Records supplied Start Marker

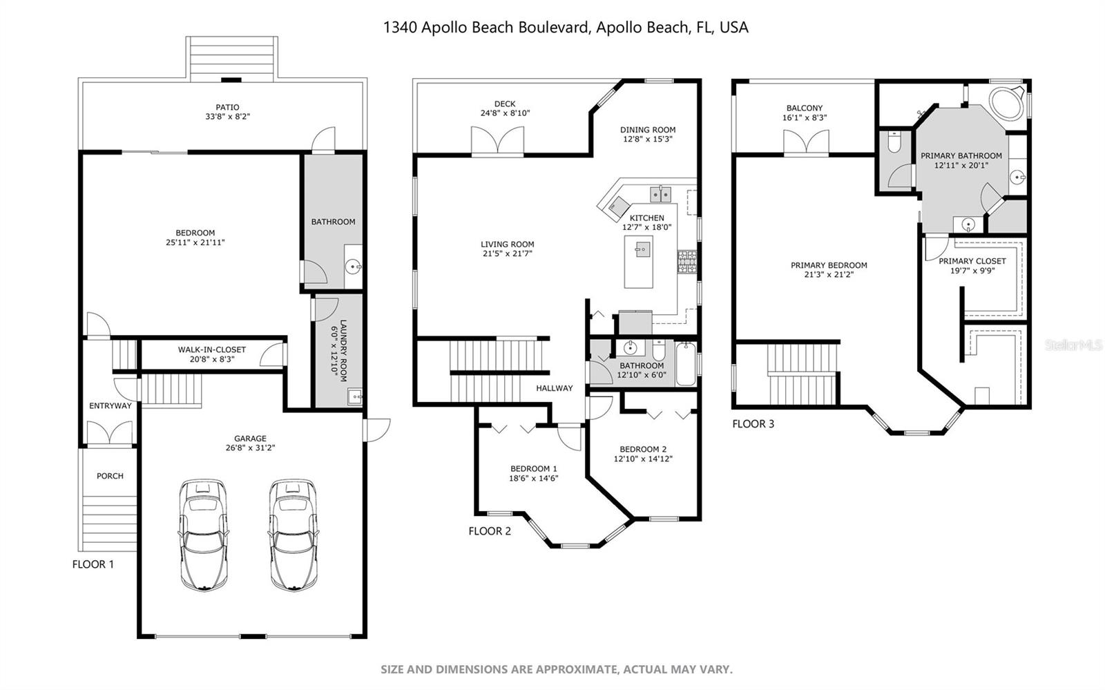 LOCATION!!! LOCATION!!! Welcome to this beautiful Key West style Apollo Beach Pool home. This property extends over three levels and offers ample space including 4 bedrooms, 3 baths, and a 2-car garage. A wood laid staircase greets you in the foyer and leads up into the main level. Hardwood flooring flows throughout this well-maintained home. The main living space has ample lighting and great views of the water and Apollo Beach. The large master bedroom has access to the balcony, two-person walk-in closet, and a luxurious bath with garden tub, separate shower, water closet and double vanities. The oversized fourth bedroom located on the bottom level can easily serve as a mother-in-law suite and has two direct access points to the pool, with one being the ensuite bath making it the perfect pool bath. Custom laundry chute adds extra convenience located on each level leading to the bottom floor indoor laundry room. There are water views from both the front and back of the home. The property is a tropical paradise with extensive landscaping and your own private fenced in pool. Just a short walk or bicycle ride to "Apollo Beach Nature Preserve" and local restaurants. Join in racquetball, team & individual sports, and swim at nearby Spurlino YMCA, Apollo Beach Racquet Club, and County Park and Rec Centers. Several golf courses in Riverview and Sun City Center. Apollo Beach is conveniently located close to Major Highways, Shopping, Doctors & Restaurants, and is a just a Boat Trip across the Bay to Downtown Tampa, St. Pete, and the gorgeous Gulf Beaches. No HOA or CDD. A/C Replaced 07/2022
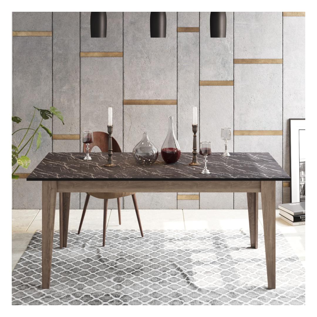 Pähklipuu ja musta värvi kombinatsioon annab sellele söögilauale kaasaegse ja rafineeritud välimuse. Antratsiitne täispuhas värv lisab elegantsi, samas kui moodne uudne disain lisab teie söögisaalile unikaalset elegantsi. See on statement-tükk, mis täiendab vaevata mis tahes interjööri stiili.
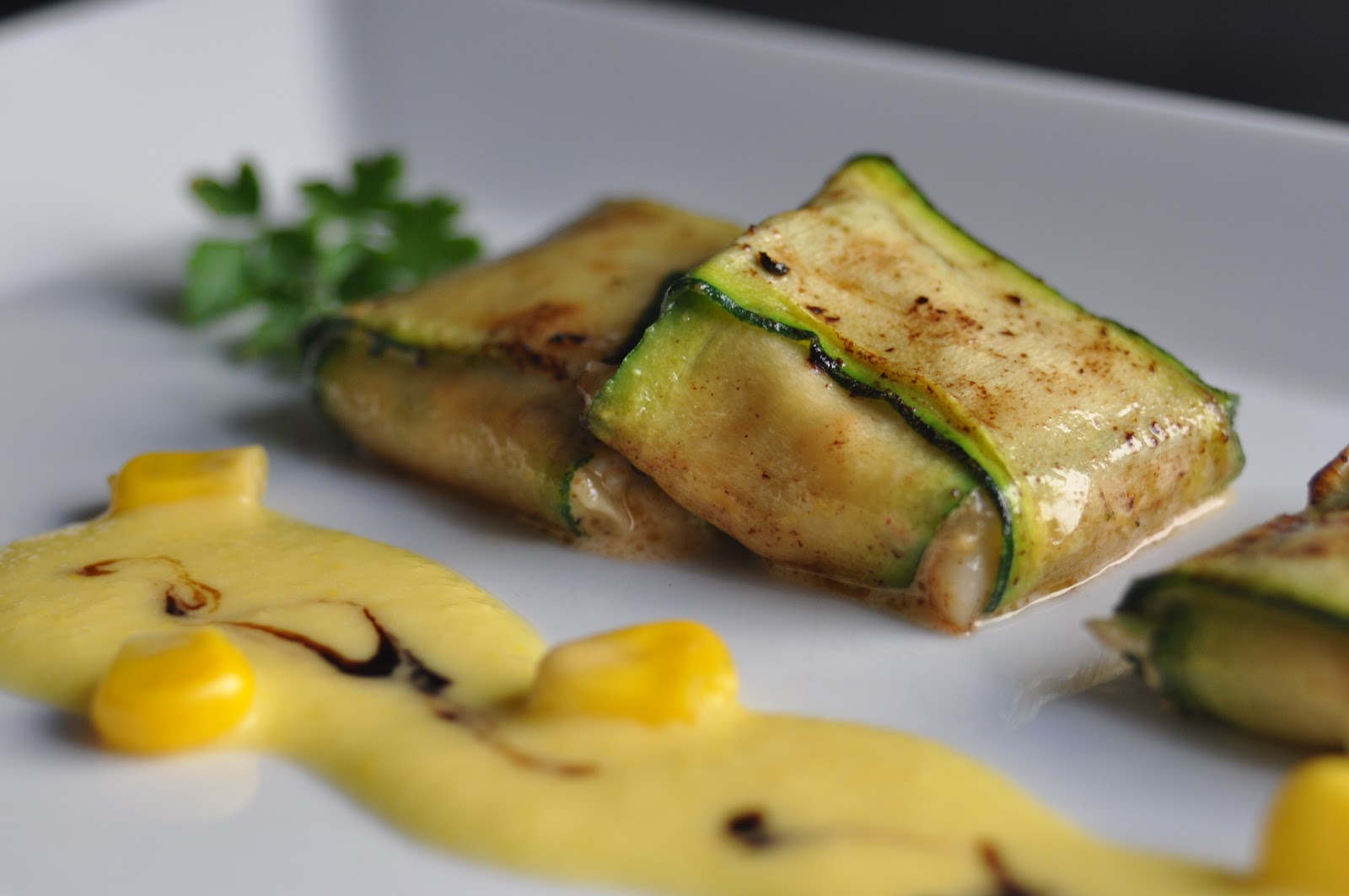 . Se trata de unos raviolis de calabacín con un relleno a base de gambas y berenjena, que puedes preparar para tomar como primer plato o como plato único si lo acompañas de guarnición de
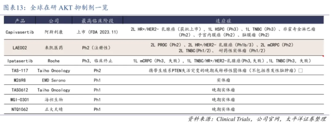 从全球研发格局审视,AKT抑制剂研发是极具潜力而不拥挤的蓝海赛道,目前只有阿斯利康的Capivasertib获批上市,而来凯医药的LAE002(Afuresertib)进度全球第二,中美两地已进入临床三期,两大领军企业进度远远甩开其他公司,中短期内是“绝代双骄”的竞争格局。
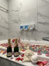 - Un accueil romantique incluant des pétales de rose et deux bouteilles (200 ml) de vin mousseux
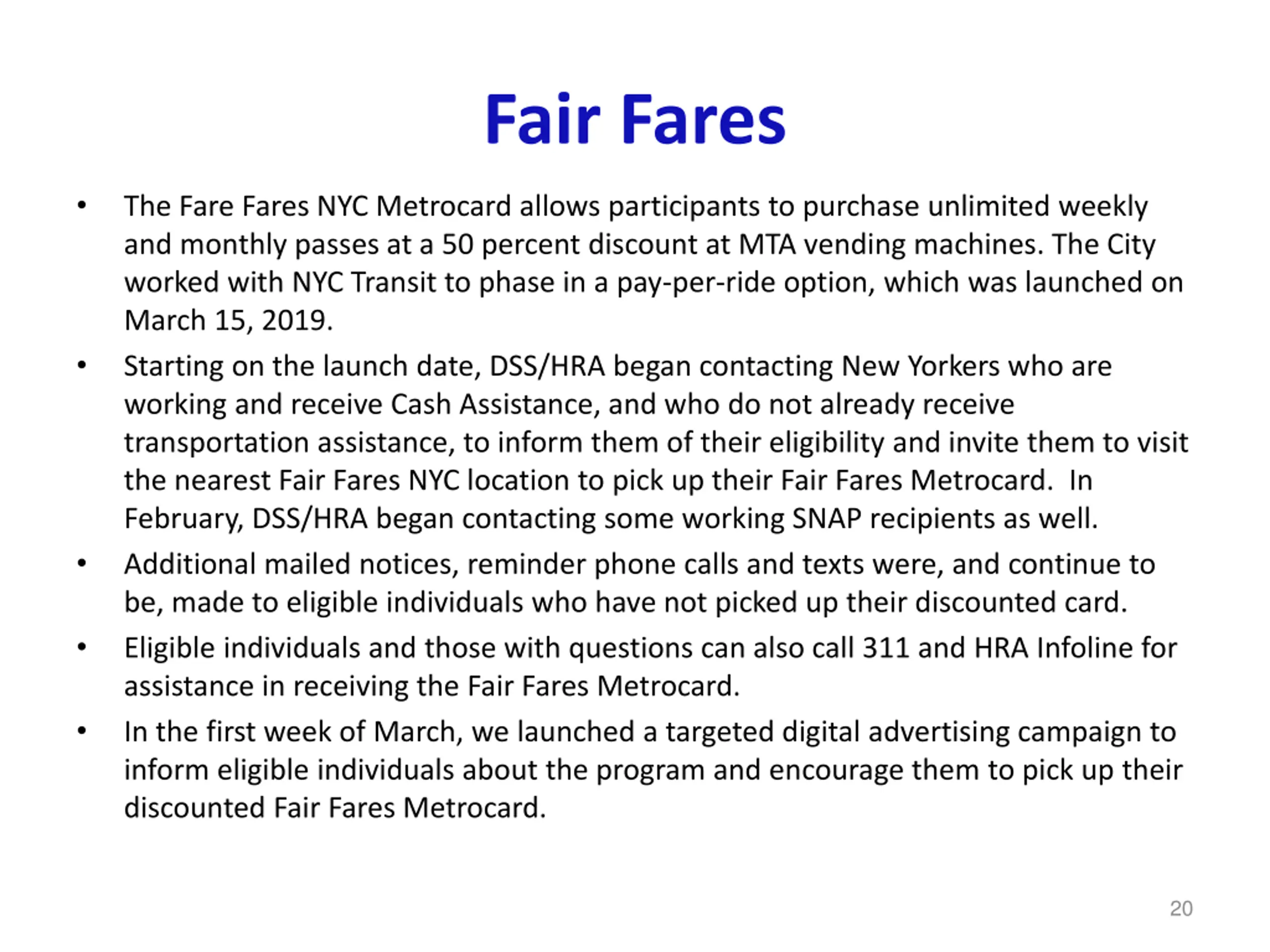 Fair Fares The Fare Fares NYC Metrocard allows participants to purchase unlimited weekly and monthly passes at a 50 percent discount at MTA vending machines. The City worked with NYC Transit to phase in a pay-per-ride option, which was launched on March 15, 2019. Starting on the launch date, DSS/HRA began contacting New Yorkers who are working and receive Cash Assistance, and who do not already receive transportation assistance, to inform them of their eligibility and invite them to visit the nearest Fair Fares NYC location to pick up their Fair Fares Metrocard. In February, DSS/HRA began contacting some working SNAP recipients as well. Additional mailed notices, reminder phone calls and texts were, and continue to be, made to eligible individuals who have not picked up their discounted card. Eligible individuals and those with questions can also call 311 and HRA Infoline for assistance in receiving the Fair Fares Metrocard. In the first week of March, we launched a targeted digital advertising campaign to inform eligible individuals about the program and encourage them to pick up their discounted Fair Fares Metrocard. 20
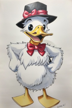 ((HRD, HUD, 8K)),((masterpiece, best quality)), highly detailed, soft light,ColoredLead, duck, hat, bird, solo, bow, bowtie, traditional media, 1boy, open mouth, male focus, simple background, artist name, white background, signature, smile, hands on hips, cosplay, <lora:画风-彩铅-ColoredLead_v1.0:0.8>
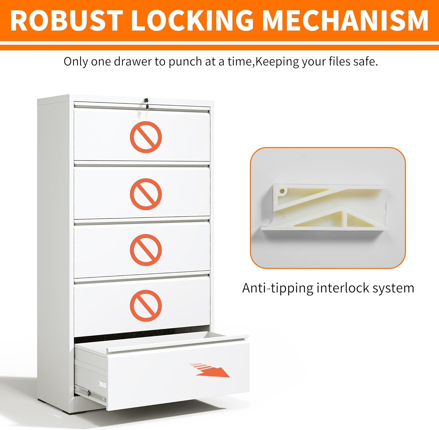 - 【High Security】This office file cabinet ensures high security with 1 interlock and 2 keys, a single lock effectively secures all drawers, allowing you to store valuable documents without any worries. Additionally, the Anti-tilt Mechanism design ensures that only one drawer can be opened at a time, preventing tipping and providing an extra layer of security for your important files.
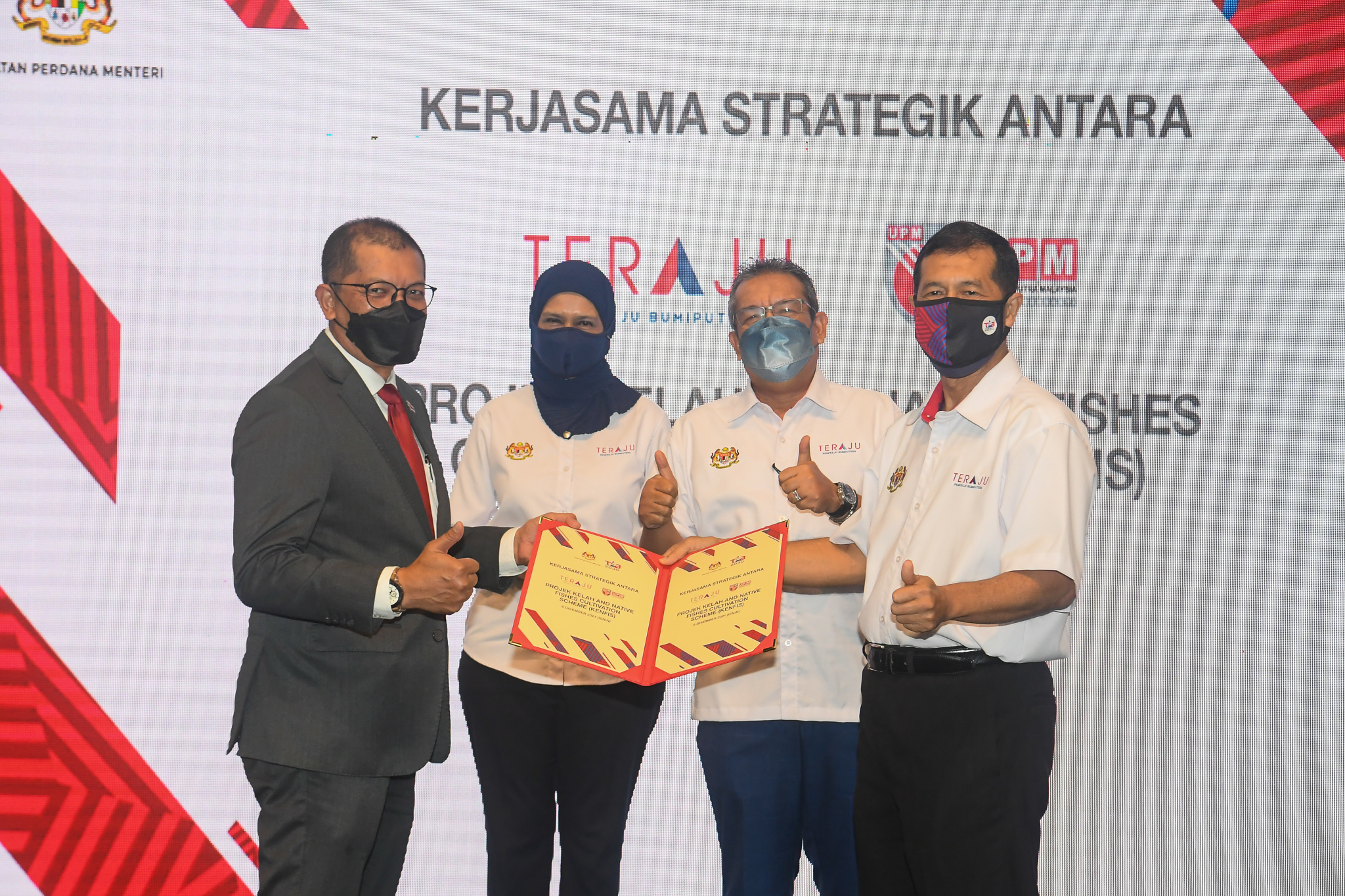 The Memorandum of Understanding (MoU) was handed over by TERAJU's chief executive officer, Md. Silmi Abd Rahman, to UPM vice-chancellor, Prof. Dr. Mohd Roslan Sulaiman, witnessed by the Minister of Entrepreneur Development and Cooperative, Tan Sri Noh Omar, and the Deputy Minister from the Prime Minister's Department (Special Duties), Datuk Mastura Mohd Yazid.
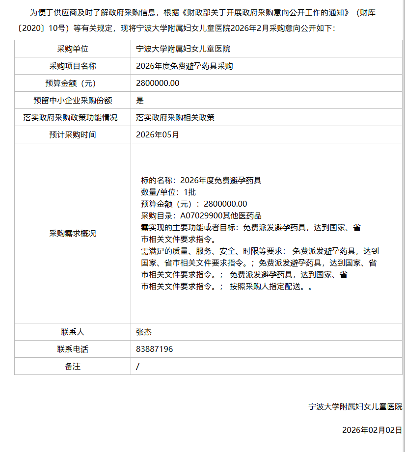 【宁波大学附属妇女儿童医院】浙江省宁波大学附属妇女儿童医院2026年2月政府采购意向
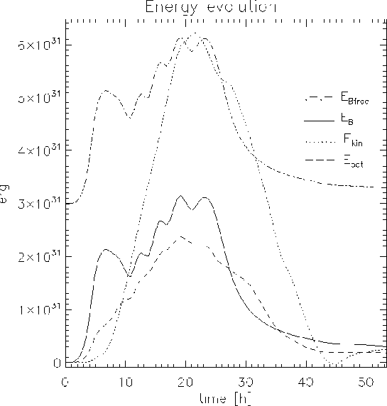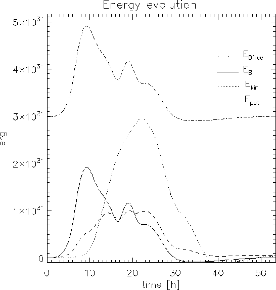 erg is added to the system within the first 9 h. At this point the energy available in the system suffices to drive an eruption and convert magnetic free energy into kinetic energy. This kinetic energy increases until 23 h. While the magnetic free energy is decreasing due to this conversion mechanism, we are still shearing the foot points and in effect continuing to pump free magnetic energy at the boundary. The balance between these two effects results in the local minimum of free magnetic energy after about 17 h. After this point in the simulation, the free energy starts to increase again because the amount of energy we are pumping in the system is higher than the amount of free magnetic energy released. After 19 h a new maximum in magnetic free energy is seen, followed by a decrease that drives the second eruption. Between 22 h and 25 h, another balance between the energy pumped in the system due to the shearing motions and the energy released results in a plateau. Finally, the remaining magnetic free energy is released in the system.
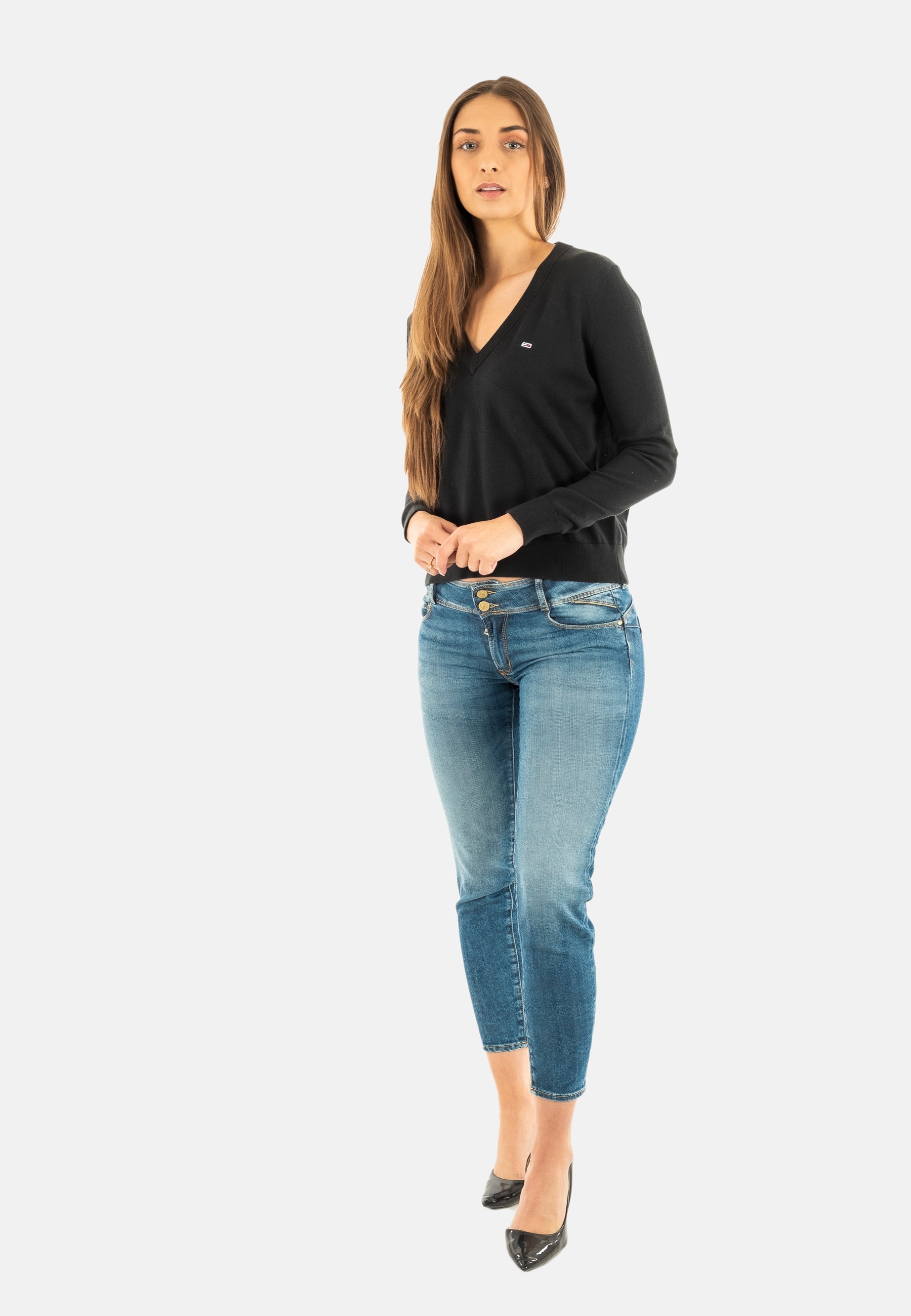 Pull leger tommy jeans essential vneck bds black

Records supplied End Marker

**Problem to work on**. With the pictures removed, repeat the listing above exactly as it stands.

**Task result**.
 LOCATION!!! LOCATION!!! Welcome to this beautiful Key West style Apollo Beach Pool home. This property extends over three levels and offers ample space including 4 bedrooms, 3 baths, and a 2-car garage. A wood laid staircase greets you in the foyer and leads up into the main level. Hardwood flooring flows throughout this well-maintained home. The main living space has ample lighting and great views of the water and Apollo Beach. The large master bedroom has access to the balcony, two-person walk-in closet, and a luxurious bath with garden tub, separate shower, water closet and double vanities. The oversized fourth bedroom located on the bottom level can easily serve as a mother-in-law suite and has two direct access points to the pool, with one being the ensuite bath making it the perfect pool bath. Custom laundry chute adds extra convenience located on each level leading to the bottom floor indoor laundry room. There are water views from both the front and back of the home. The property is a tropical paradise with extensive landscaping and your own private fenced in pool. Just a short walk or bicycle ride to "Apollo Beach Nature Preserve" and local restaurants. Join in racquetball, team & individual sports, and swim at nearby Spurlino YMCA, Apollo Beach Racquet Club, and County Park and Rec Centers. Several golf courses in Riverview and Sun City Center. Apollo Beach is conveniently located close to Major Highways, Shopping, Doctors & Restaurants, and is a just a Boat Trip across the Bay to Downtown Tampa, St. Pete, and the gorgeous Gulf Beaches. No HOA or CDD. A/C Replaced 07/2022
 Pähklipuu ja musta värvi kombinatsioon annab sellele söögilauale kaasaegse ja rafineeritud välimuse. Antratsiitne täispuhas värv lisab elegantsi, samas kui moodne uudne disain lisab teie söögisaalile unikaalset elegantsi. See on statement-tükk, mis täiendab vaevata mis tahes interjööri stiili.
 . Se trata de unos raviolis de calabacín con un relleno a base de gambas y berenjena, que puedes preparar para tomar como primer plato o como plato único si lo acompañas de guarnición de
 从全球研发格局审视,AKT抑制剂研发是极具潜力而不拥挤的蓝海赛道,目前只有阿斯利康的Capivasertib获批上市,而来凯医药的LAE002(Afuresertib)进度全球第二,中美两地已进入临床三期,两大领军企业进度远远甩开其他公司,中短期内是“绝代双骄”的竞争格局。
 - Un accueil romantique incluant des pétales de rose et deux bouteilles (200 ml) de vin mousseux
 Fair Fares The Fare Fares NYC Metrocard allows participants to purchase unlimited weekly and monthly passes at a 50 percent discount at MTA vending machines. The City worked with NYC Transit to phase in a pay-per-ride option, which was launched on March 15, 2019. Starting on the launch date, DSS/HRA began contacting New Yorkers who are working and receive Cash Assistance, and who do not already receive transportation assistance, to inform them of their eligibility and invite them to visit the nearest Fair Fares NYC location to pick up their Fair Fares Metrocard. In February, DSS/HRA began contacting some working SNAP recipients as well. Additional mailed notices, reminder phone calls and texts were, and continue to be, made to eligible individuals who have not picked up their discounted card. Eligible individuals and those with questions can also call 311 and HRA Infoline for assistance in receiving the Fair Fares Metrocard. In the first week of March, we launched a targeted digital advertising campaign to inform eligible individuals about the program and encourage them to pick up their discounted Fair Fares Metrocard. 20
 ((HRD, HUD, 8K)),((masterpiece, best quality)), highly detailed, soft light,ColoredLead, duck, hat, bird, solo, bow, bowtie, traditional media, 1boy, open mouth, male focus, simple background, artist name, white background, signature, smile, hands on hips, cosplay, <lora:画风-彩铅-ColoredLead_v1.0:0.8>
 - 【High Security】This office file cabinet ensures high security with 1 interlock and 2 keys, a single lock effectively secures all drawers, allowing you to store valuable documents without any worries. Additionally, the Anti-tilt Mechanism design ensures that only one drawer can be opened at a time, preventing tipping and providing an extra layer of security for your important files.
 The Memorandum of Understanding (MoU) was handed over by TERAJU's chief executive officer, Md. Silmi Abd Rahman, to UPM vice-chancellor, Prof. Dr. Mohd Roslan Sulaiman, witnessed by the Minister of Entrepreneur Development and Cooperative, Tan Sri Noh Omar, and the Deputy Minister from the Prime Minister's Department (Special Duties), Datuk Mastura Mohd Yazid.
 【宁波大学附属妇女儿童医院】浙江省宁波大学附属妇女儿童医院2026年2月政府采购意向
 erg is added to the system within the first 9 h. At this point the energy available in the system suffices to drive an eruption and convert magnetic free energy into kinetic energy. This kinetic energy increases until 23 h. While the magnetic free energy is decreasing due to this conversion mechanism, we are still shearing the foot points and in effect continuing to pump free magnetic energy at the boundary. The balance between these two effects results in the local minimum of free magnetic energy after about 17 h. After this point in the simulation, the free energy starts to increase again because the amount of energy we are pumping in the system is higher than the amount of free magnetic energy released. After 19 h a new maximum in magnetic free energy is seen, followed by a decrease that drives the second eruption. Between 22 h and 25 h, another balance between the energy pumped in the system due to the shearing motions and the energy released results in a plateau. Finally, the remaining magnetic free energy is released in the system.
 Pull leger tommy jeans essential vneck bds black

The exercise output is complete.